TASK REQUIREMENTS> Make an exact copy of the records that follow, with each picture omitted.

EXTRACTED INFORMATION>

----

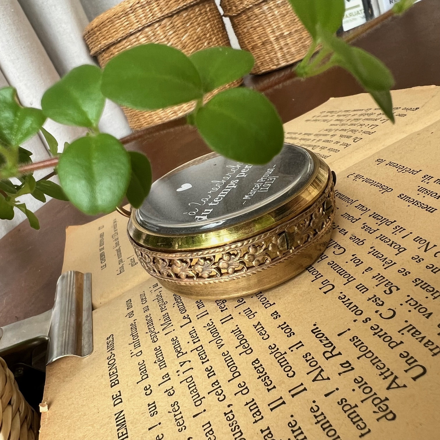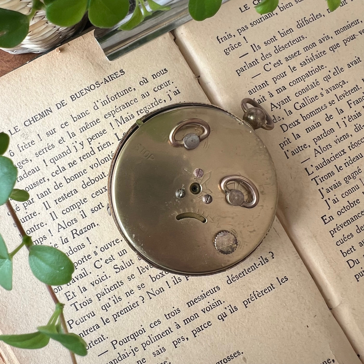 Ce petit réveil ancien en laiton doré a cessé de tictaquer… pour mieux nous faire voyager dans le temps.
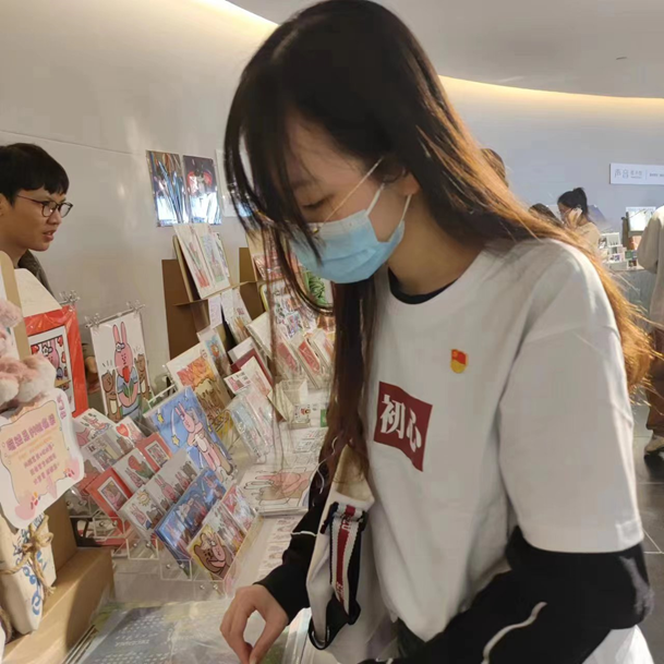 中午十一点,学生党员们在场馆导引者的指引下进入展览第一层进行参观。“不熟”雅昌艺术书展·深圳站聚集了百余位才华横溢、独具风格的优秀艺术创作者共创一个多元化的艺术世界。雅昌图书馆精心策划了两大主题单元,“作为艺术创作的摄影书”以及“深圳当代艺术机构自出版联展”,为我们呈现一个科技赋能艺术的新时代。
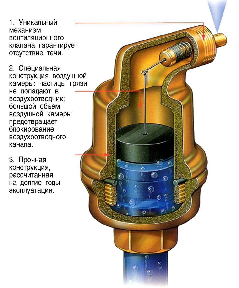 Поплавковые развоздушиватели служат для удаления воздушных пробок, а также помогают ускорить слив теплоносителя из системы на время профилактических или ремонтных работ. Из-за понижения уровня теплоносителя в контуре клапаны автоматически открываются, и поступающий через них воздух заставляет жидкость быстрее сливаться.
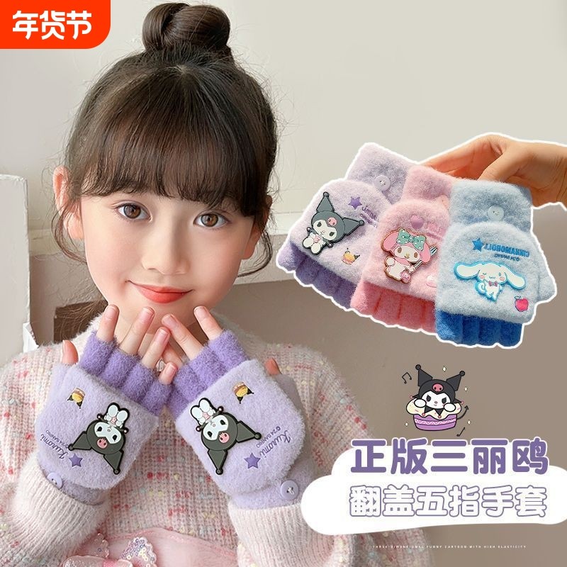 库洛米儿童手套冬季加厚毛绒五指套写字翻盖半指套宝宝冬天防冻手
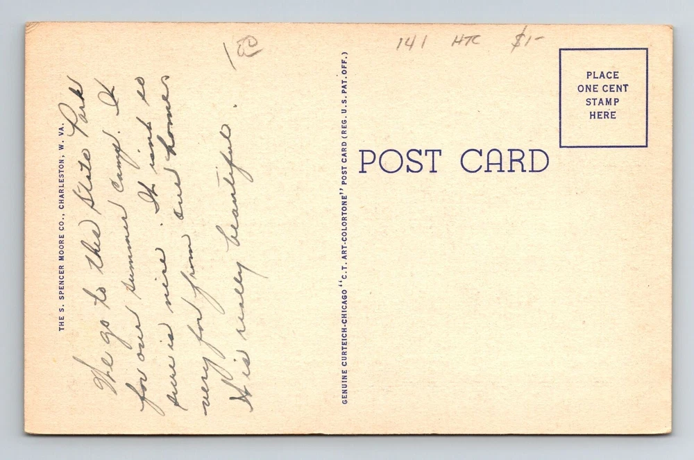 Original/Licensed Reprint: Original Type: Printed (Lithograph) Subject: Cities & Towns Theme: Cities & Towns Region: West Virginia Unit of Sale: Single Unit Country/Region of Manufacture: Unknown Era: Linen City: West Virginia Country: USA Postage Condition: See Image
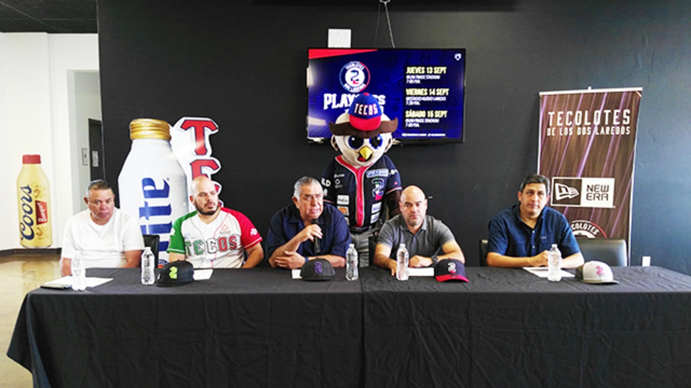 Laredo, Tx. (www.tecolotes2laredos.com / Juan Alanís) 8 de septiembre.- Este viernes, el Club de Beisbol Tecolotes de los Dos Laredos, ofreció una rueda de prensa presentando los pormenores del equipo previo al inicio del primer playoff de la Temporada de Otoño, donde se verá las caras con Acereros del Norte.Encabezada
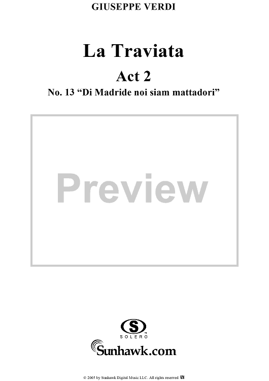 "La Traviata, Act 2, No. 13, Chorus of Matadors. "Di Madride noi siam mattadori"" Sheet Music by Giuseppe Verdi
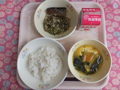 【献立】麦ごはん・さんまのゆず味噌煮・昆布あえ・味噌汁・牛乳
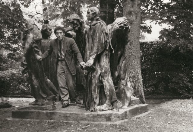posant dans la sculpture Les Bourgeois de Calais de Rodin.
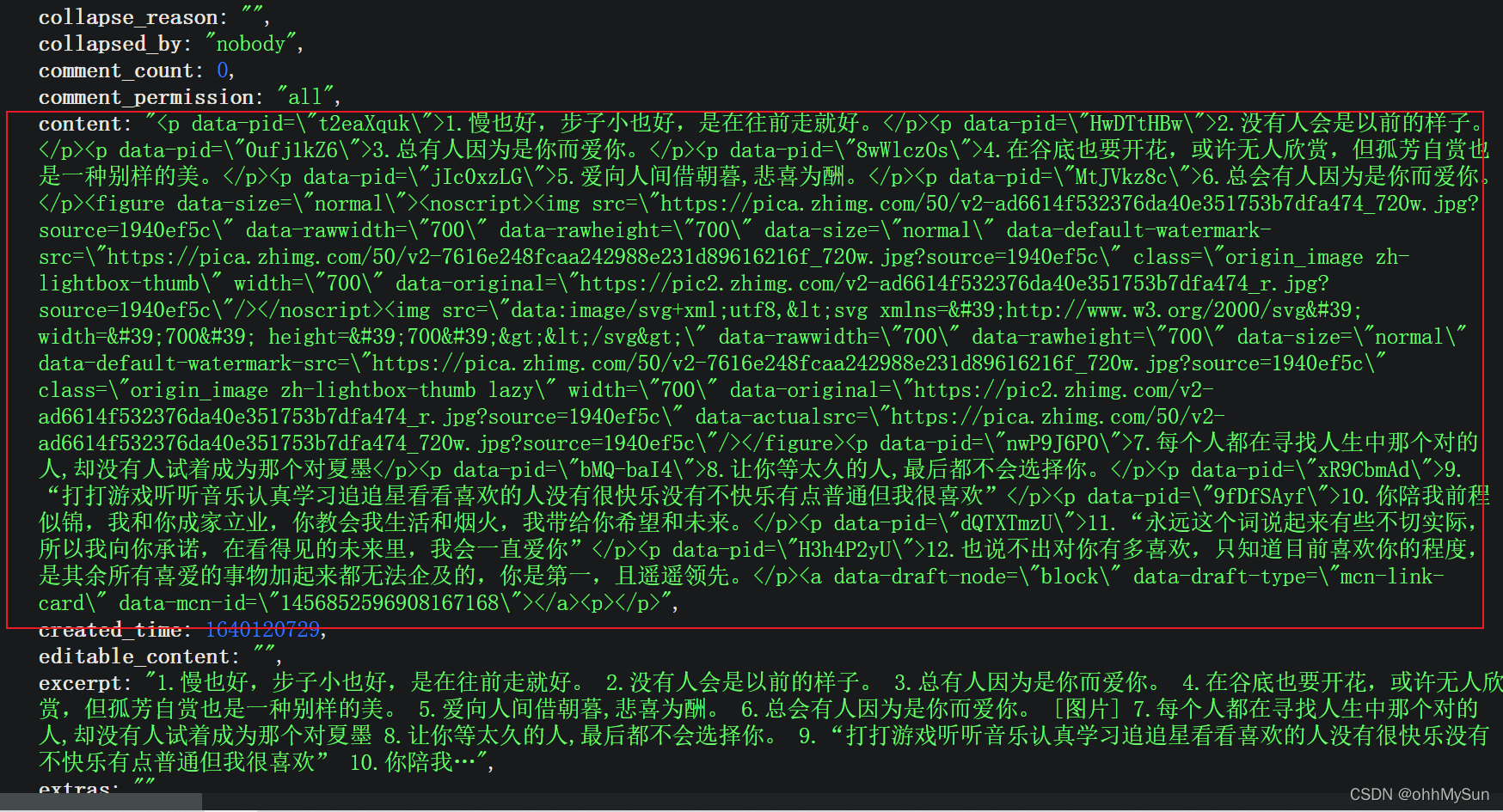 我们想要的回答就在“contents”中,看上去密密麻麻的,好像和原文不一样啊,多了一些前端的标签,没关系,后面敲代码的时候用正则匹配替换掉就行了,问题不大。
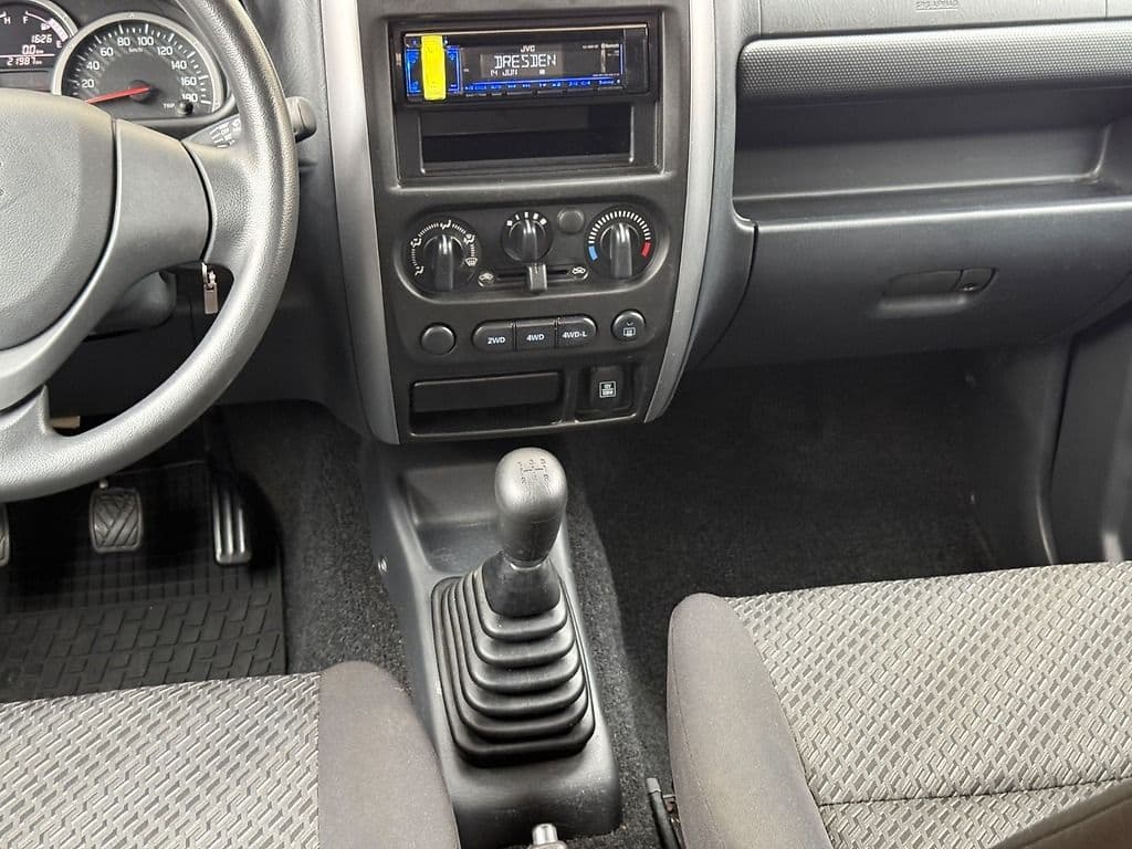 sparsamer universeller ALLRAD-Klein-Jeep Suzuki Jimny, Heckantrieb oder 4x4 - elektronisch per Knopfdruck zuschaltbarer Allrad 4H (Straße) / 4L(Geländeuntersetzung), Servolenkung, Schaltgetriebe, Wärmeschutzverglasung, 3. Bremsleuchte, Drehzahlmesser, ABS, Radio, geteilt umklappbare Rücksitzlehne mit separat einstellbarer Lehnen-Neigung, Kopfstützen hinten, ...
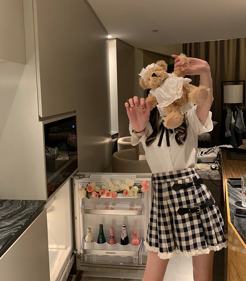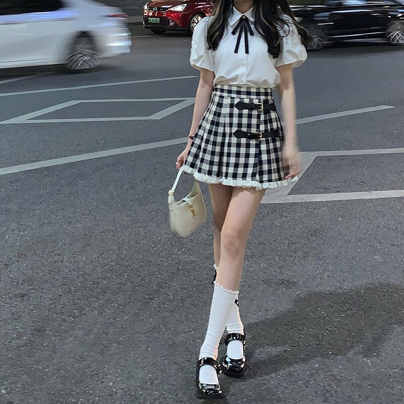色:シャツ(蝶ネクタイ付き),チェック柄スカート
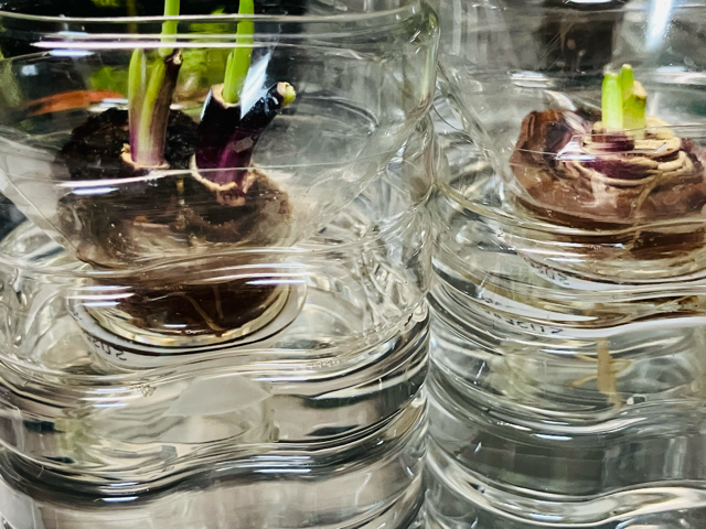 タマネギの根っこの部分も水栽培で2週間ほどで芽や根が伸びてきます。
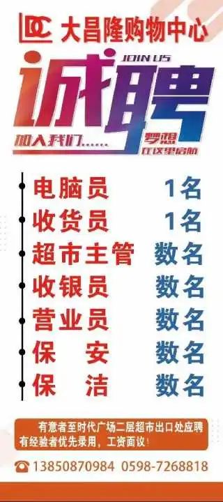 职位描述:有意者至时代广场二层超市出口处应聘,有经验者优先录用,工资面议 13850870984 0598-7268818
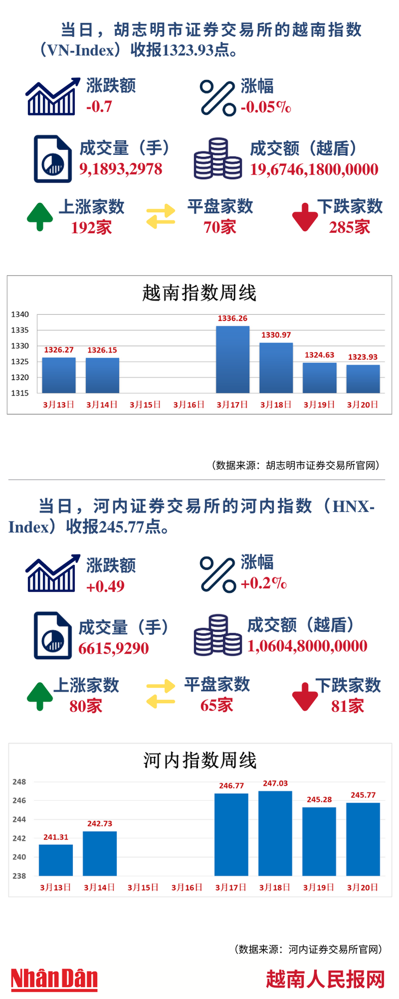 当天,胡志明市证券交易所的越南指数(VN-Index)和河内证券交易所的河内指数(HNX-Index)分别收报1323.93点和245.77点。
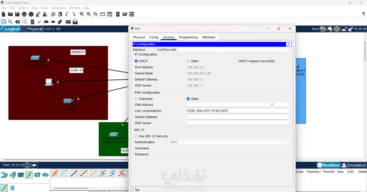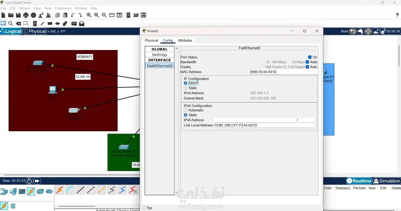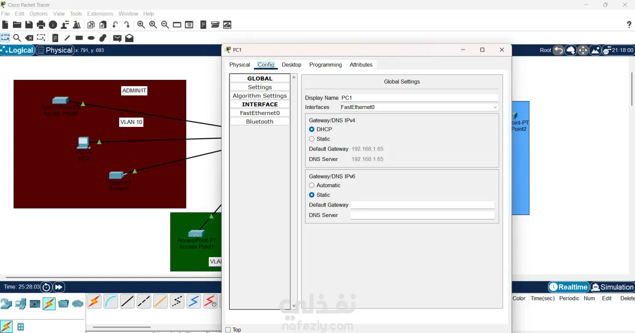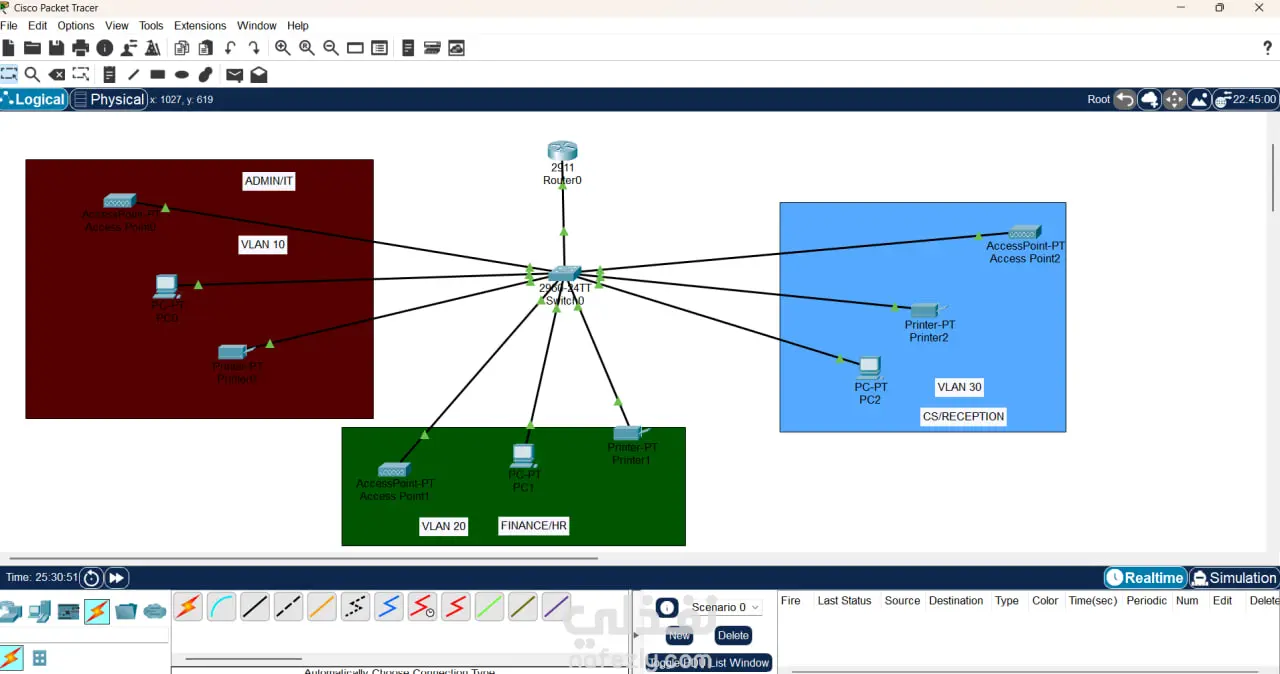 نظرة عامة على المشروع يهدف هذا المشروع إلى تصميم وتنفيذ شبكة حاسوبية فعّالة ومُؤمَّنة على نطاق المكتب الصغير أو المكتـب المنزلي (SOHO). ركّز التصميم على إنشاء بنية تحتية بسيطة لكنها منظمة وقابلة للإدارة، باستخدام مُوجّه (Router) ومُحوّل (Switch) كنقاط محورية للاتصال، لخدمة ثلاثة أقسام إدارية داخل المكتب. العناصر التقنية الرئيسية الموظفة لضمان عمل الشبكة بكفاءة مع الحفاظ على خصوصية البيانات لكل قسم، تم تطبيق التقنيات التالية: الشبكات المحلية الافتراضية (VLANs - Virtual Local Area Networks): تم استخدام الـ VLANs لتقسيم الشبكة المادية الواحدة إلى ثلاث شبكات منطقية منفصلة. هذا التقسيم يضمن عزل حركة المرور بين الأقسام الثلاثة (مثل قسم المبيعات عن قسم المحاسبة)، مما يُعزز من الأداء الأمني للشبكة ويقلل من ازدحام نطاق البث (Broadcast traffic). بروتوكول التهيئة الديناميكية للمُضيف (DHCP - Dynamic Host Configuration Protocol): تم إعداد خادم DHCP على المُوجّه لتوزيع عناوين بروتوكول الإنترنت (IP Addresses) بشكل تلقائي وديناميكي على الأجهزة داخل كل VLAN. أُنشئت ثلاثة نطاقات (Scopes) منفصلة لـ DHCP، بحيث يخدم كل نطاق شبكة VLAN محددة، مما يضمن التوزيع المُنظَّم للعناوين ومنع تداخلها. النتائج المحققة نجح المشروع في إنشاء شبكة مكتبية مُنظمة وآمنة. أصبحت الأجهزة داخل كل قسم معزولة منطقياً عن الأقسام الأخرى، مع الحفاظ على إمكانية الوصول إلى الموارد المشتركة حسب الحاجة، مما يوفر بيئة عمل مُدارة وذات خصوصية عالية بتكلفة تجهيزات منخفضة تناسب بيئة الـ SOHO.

----

WRITTEN SOLUTION>
 Ce petit réveil ancien en laiton doré a cessé de tictaquer… pour mieux nous faire voyager dans le temps.
 中午十一点,学生党员们在场馆导引者的指引下进入展览第一层进行参观。“不熟”雅昌艺术书展·深圳站聚集了百余位才华横溢、独具风格的优秀艺术创作者共创一个多元化的艺术世界。雅昌图书馆精心策划了两大主题单元,“作为艺术创作的摄影书”以及“深圳当代艺术机构自出版联展”,为我们呈现一个科技赋能艺术的新时代。
 Поплавковые развоздушиватели служат для удаления воздушных пробок, а также помогают ускорить слив теплоносителя из системы на время профилактических или ремонтных работ. Из-за понижения уровня теплоносителя в контуре клапаны автоматически открываются, и поступающий через них воздух заставляет жидкость быстрее сливаться.
 库洛米儿童手套冬季加厚毛绒五指套写字翻盖半指套宝宝冬天防冻手
 Original/Licensed Reprint: Original Type: Printed (Lithograph) Subject: Cities & Towns Theme: Cities & Towns Region: West Virginia Unit of Sale: Single Unit Country/Region of Manufacture: Unknown Era: Linen City: West Virginia Country: USA Postage Condition: See Image
 Laredo, Tx. (www.tecolotes2laredos.com / Juan Alanís) 8 de septiembre.- Este viernes, el Club de Beisbol Tecolotes de los Dos Laredos, ofreció una rueda de prensa presentando los pormenores del equipo previo al inicio del primer playoff de la Temporada de Otoño, donde se verá las caras con Acereros del Norte.Encabezada
 "La Traviata, Act 2, No. 13, Chorus of Matadors. "Di Madride noi siam mattadori"" Sheet Music by Giuseppe Verdi
 【献立】麦ごはん・さんまのゆず味噌煮・昆布あえ・味噌汁・牛乳
posant dans la sculpture Les Bourgeois de Calais de Rodin.
 我们想要的回答就在“contents”中,看上去密密麻麻的,好像和原文不一样啊,多了一些前端的标签,没关系,后面敲代码的时候用正则匹配替换掉就行了,问题不大。
 sparsamer universeller ALLRAD-Klein-Jeep Suzuki Jimny, Heckantrieb oder 4x4 - elektronisch per Knopfdruck zuschaltbarer Allrad 4H (Straße) / 4L(Geländeuntersetzung), Servolenkung, Schaltgetriebe, Wärmeschutzverglasung, 3. Bremsleuchte, Drehzahlmesser, ABS, Radio, geteilt umklappbare Rücksitzlehne mit separat einstellbarer Lehnen-Neigung, Kopfstützen hinten, ...
色:シャツ(蝶ネクタイ付き),チェック柄スカート
 タマネギの根っこの部分も水栽培で2週間ほどで芽や根が伸びてきます。
 职位描述:有意者至时代广场二层超市出口处应聘,有经验者优先录用,工资面议 13850870984 0598-7268818
 当天,胡志明市证券交易所的越南指数(VN-Index)和河内证券交易所的河内指数(HNX-Index)分别收报1323.93点和245.77点。
 نظرة عامة على المشروع يهدف هذا المشروع إلى تصميم وتنفيذ شبكة حاسوبية فعّالة ومُؤمَّنة على نطاق المكتب الصغير أو المكتـب المنزلي (SOHO). ركّز التصميم على إنشاء بنية تحتية بسيطة لكنها منظمة وقابلة للإدارة، باستخدام مُوجّه (Router) ومُحوّل (Switch) كنقاط محورية للاتصال، لخدمة ثلاثة أقسام إدارية داخل المكتب. العناصر التقنية الرئيسية الموظفة لضمان عمل الشبكة بكفاءة مع الحفاظ على خصوصية البيانات لكل قسم، تم تطبيق التقنيات التالية: الشبكات المحلية الافتراضية (VLANs - Virtual Local Area Networks): تم استخدام الـ VLANs لتقسيم الشبكة المادية الواحدة إلى ثلاث شبكات منطقية منفصلة. هذا التقسيم يضمن عزل حركة المرور بين الأقسام الثلاثة (مثل قسم المبيعات عن قسم المحاسبة)، مما يُعزز من الأداء الأمني للشبكة ويقلل من ازدحام نطاق البث (Broadcast traffic). بروتوكول التهيئة الديناميكية للمُضيف (DHCP - Dynamic Host Configuration Protocol): تم إعداد خادم DHCP على المُوجّه لتوزيع عناوين بروتوكول الإنترنت (IP Addresses) بشكل تلقائي وديناميكي على الأجهزة داخل كل VLAN. أُنشئت ثلاثة نطاقات (Scopes) منفصلة لـ DHCP، بحيث يخدم كل نطاق شبكة VLAN محددة، مما يضمن التوزيع المُنظَّم للعناوين ومنع تداخلها. النتائج المحققة نجح المشروع في إنشاء شبكة مكتبية مُنظمة وآمنة. أصبحت الأجهزة داخل كل قسم معزولة منطقياً عن الأقسام الأخرى، مع الحفاظ على إمكانية الوصول إلى الموارد المشتركة حسب الحاجة، مما يوفر بيئة عمل مُدارة وذات خصوصية عالية بتكلفة تجهيزات منخفضة تناسب بيئة الـ SOHO.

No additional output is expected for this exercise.